Overall, community journalists clearly showed they were open to reporting and learning more national and global issues like the delivery of COVID-19 vaccines, intellectual property and equitable access and distilling it to what it means for their communities. Yet, the lack of resources remains a barrier, while community journalists struggle to be taken seriously by provincial and national government communication officers and independent experts.
— AfricanAlliance (@Afri_Alliance) March 22, 2021
Additionally, community journalists also shared why they find it difficult to write on COVID-19 vaccine and equitable access. Issues such as reluctant editors not knowing enough about intellectual property laws were the keys challenges that were raised. The general trust deficit between media and government also makes it difficult for journalists, in general, to get information out of government.
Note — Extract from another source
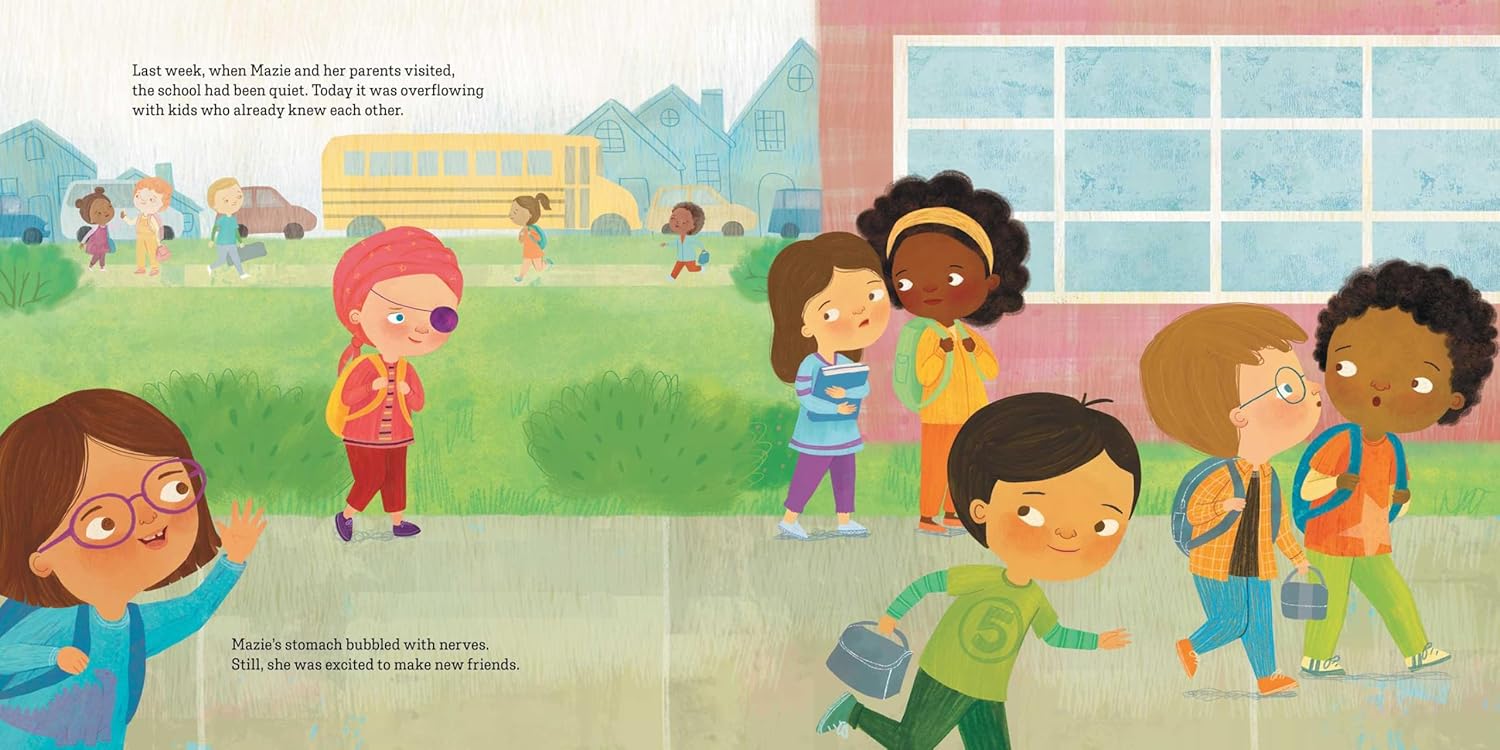 Mazie was starting at a new school, so she “put on her favorite scarf and wore her prettiest eye patch.” As she waved goodbye to her mom and walked into the building with other students, she was happy she’d be able to make new friends. But when she stood in front of her class to introduce herself, the kids’ questioning faces sent her hurrying back to her seat.

But community journalists are particularly disadvantaged.
A community journalist based in Western Cape said: “The reason our own government doesn’t trust us as the media and its own citizens is that they know that they are busy lazing around and doing all the wrong things.”
Health-e News’ citizen journalists have been consistently and fearlessly reporting on COVID-19, for example:
- Childhood obesity to rise rapidly in the coming years, where obesity is mentioned as a common COVID-19 risk factor.
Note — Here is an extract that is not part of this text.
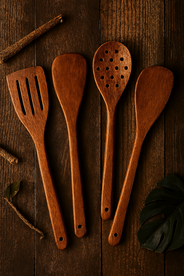 Pack Of 4 – Wooden Spoon Set – Light Brown Kitchen Tools & Gadgets | Kitchen Essentials for Daily Meal Preparation, Suitable for All Types of Cooks from Beginners to Experts.

- Funds diverted for the COVID-19 relief effort left thousands of learners without sanitary pads, where our citizen journalist links COVID-19 to equitable access to menstruation product access.
- Water woes in Limpopo make COVID-19 prevention difficult, about how COVID-19 prevention is impacted by water access issues in Limpopo.
- Electronic registration system for the COVID-19 vaccine tightened amid fraud claims, about how the private healthcare system has been affected by fraud amid its vaccination rollout in Gauteng.
- The COVID-19 pandemic has made women more vulnerable to violence, but also shown their resilience on the frontlines, on how COVID-19 has affected women in Limpopo.
- One year of Covid-19 in SA: ‘I don’t wish anyone to go through what I went through’, profiling Limpopo COVID-19 survivors and family members of those who died experiences and feelings.
Distilling global issues
Although journalists know what are the barriers to reporting on issues like intellectual property rights and equitable access in the context of COVID-19, it’s also important that they responsibly amplify the issue and use their influence in the newsroom to generate interesting ways to cover the pandemic.
“Our responsibility as journalists is to provide facts not misleading information. Because this is a sensitive topic because people are dying each and every day,” another community journalist said.
It’s important the public stays informed during these uncertain times, particularly as the complexities of COVID-19 vaccine science and the legal framework of access takes centre stage. Newsrooms have no choice to make the pandemic coverage a priority and because of the positioning of community media, they must also be at the forefront of disseminating information to societies.
To have an informed public, we need journalists that intimately understand their communities, their concerns and the challenges that are specific to their communities. As we create an independent, empowered and informed society, we cannot afford to leave community media behind.—Health-e News
The African Alliance, The Vaccine Advocacy Resource Group with support from Norwegian Peoples AID and in partnership with the Health Justice Initiative and Doctors Without Borders (MSF) South Africa recently convened a two-day training to help community journalists deepen their understanding of Intellectual Property as it relates to equitable access of COVID-19 Vaccines.